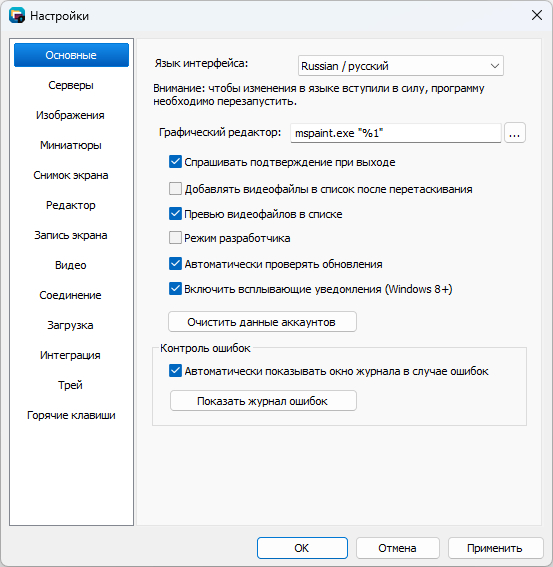 - Программа предоставляет широкие возможности для персонализации. Вы можете настроить горячие клавиши для всех основных действий: создания скриншота, загрузки файла из буфера обмена или сокращения ссылки. Эта гибкость позволяет адаптировать утилиту под любой сценарий использования. Еще одна полезная функция — поддержка нескольких учетных записей для одного и того же хостинга. Например, вы можете одновременно использовать личный и рабочий аккаунты Google Drive, переключаясь между ними при необходимости.
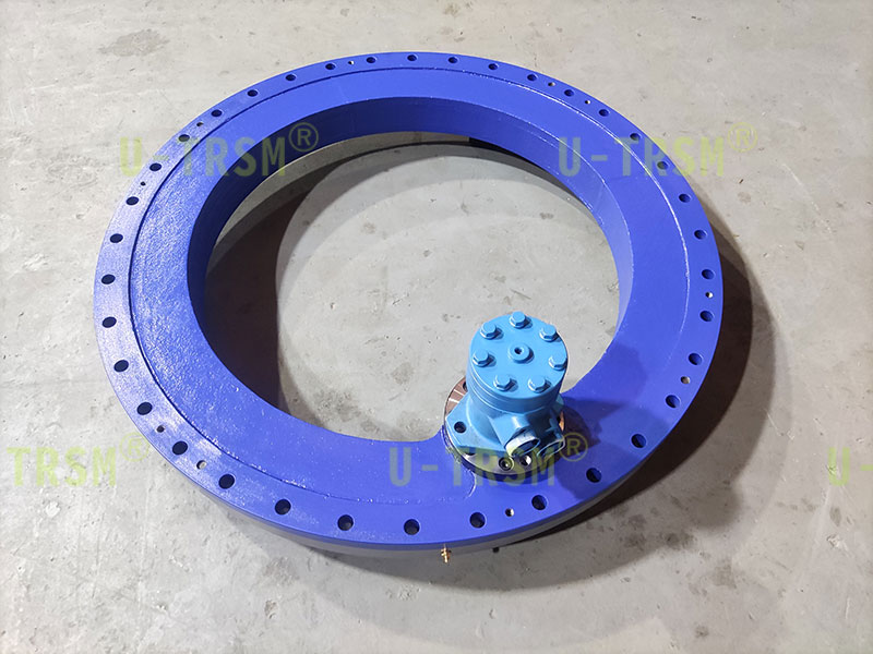 设备有现成的液压站,所以我们为客户配套了液压马达,液压马达转速选择范围大,可以通过调整液压油的流速调整液压马达的转速,输出扭矩大。马达可以短时间过载或者堵转使用,可以使用在恶劣的环境中,不易损坏。液压马达具有转速可调,大扭矩的特性,一般不需要配额外的减速机使用,可以直接连接回转驱动,方便快捷。
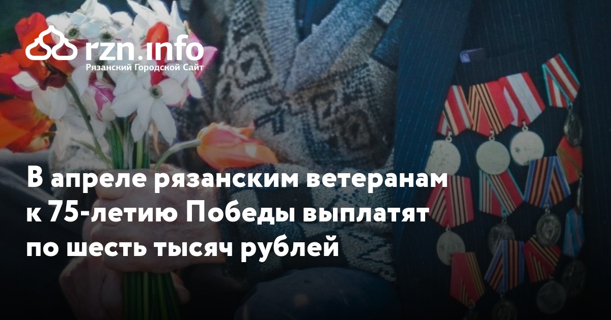 В апреле рязанским ветеранам к 75-летию Победы выплатят по шесть тысяч рублей. Соответсвующее постановление подписал губернатор Николай Любимов в понедельник, 23 марта, сообщил сайт минтруда.

──────────────────────────────

EXERCISE DIRECTIONS: Give back the whole listing exactly as written. Do not include any picture.

RESPONSE BOX:
 - Программа предоставляет широкие возможности для персонализации. Вы можете настроить горячие клавиши для всех основных действий: создания скриншота, загрузки файла из буфера обмена или сокращения ссылки. Эта гибкость позволяет адаптировать утилиту под любой сценарий использования. Еще одна полезная функция — поддержка нескольких учетных записей для одного и того же хостинга. Например, вы можете одновременно использовать личный и рабочий аккаунты Google Drive, переключаясь между ними при необходимости.
 设备有现成的液压站,所以我们为客户配套了液压马达,液压马达转速选择范围大,可以通过调整液压油的流速调整液压马达的转速,输出扭矩大。马达可以短时间过载或者堵转使用,可以使用在恶劣的环境中,不易损坏。液压马达具有转速可调,大扭矩的特性,一般不需要配额外的减速机使用,可以直接连接回转驱动,方便快捷。
 В апреле рязанским ветеранам к 75-летию Победы выплатят по шесть тысяч рублей. Соответсвующее постановление подписал губернатор Николай Любимов в понедельник, 23 марта, сообщил сайт минтруда.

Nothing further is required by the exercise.